The cases of alleged abuse reportedly date from 1999 to 2021. The abuse allegedly occurred during extended shooting trips, on which the children accompanied Lippoth unaccompanied, sometimes sleeping in his hotel room. According to Die Zeit, three criminal complaints against Lippoth since the 1990s were not followed up by police, and investigations only began after the fourth complaint in 2021.

== Work ==
Lippoth mainly photographed children with an innocent depiction of childhood. He represents "diverse facets of childlife: its spontaneity, camaraderie, playfulness, and of course, mischief”. Lippoth focuses on the complexities and contradictions of modern childhood. By using child models to stage scenes from everyday life, he casts normal activities with a complex sub-text, questioning the viewer's innocence and complicity.

Edelman's Gallery described Lippoth's work as “drawing heavily from art and photographic history, [he] creates images which have a haunting beauty that is both humorous and poignant, as children take center stage within his elaborate sets. The resulting imagets are arresting, using seductive colors to dramatize events, memories and emotions from our collective past”.

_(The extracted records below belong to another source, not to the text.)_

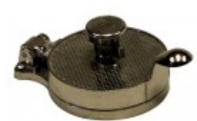
HAMBURGER PRESS, ADJUSTABLE
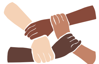
Diversity, Equity and Inclusion
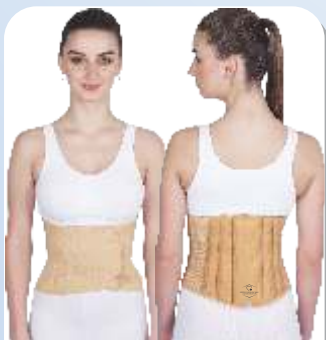
Lumbar Sacro Belt Ref. Code : B -513
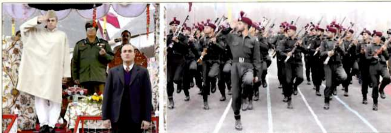
Jenab Omar Abdullah Hon'ble Chief Minister J&K accompanied by DGP J&K taking salute at the march past of trainees during passing out parade at STC Sheeri on January 13, 2011

Attestation-cum-Passing out Parade of 1173 Recruit constables was held at STC Sheeri on January 13, 2011.

Lippoth's work has been published in Blackbook, New York Times Magazine, Details, Stern, Vogue Italia and Vogue Nippon. He shot, among many other works, a series of images for a campaign against child sexual abuse by the NGO Innocence in Danger.

He has also worked for advertising agencies including Abbott Mead Vickers BBDO, DDB Worldwide, Grey Worldwide, Jung von Matt, Leo Burnett Worldwide, Lowe Worldwide, Ogilvy & Mather, and others. Among his customers are such names as Audi, AOL, Lego, McDonald's, Lexus and Lufthansa.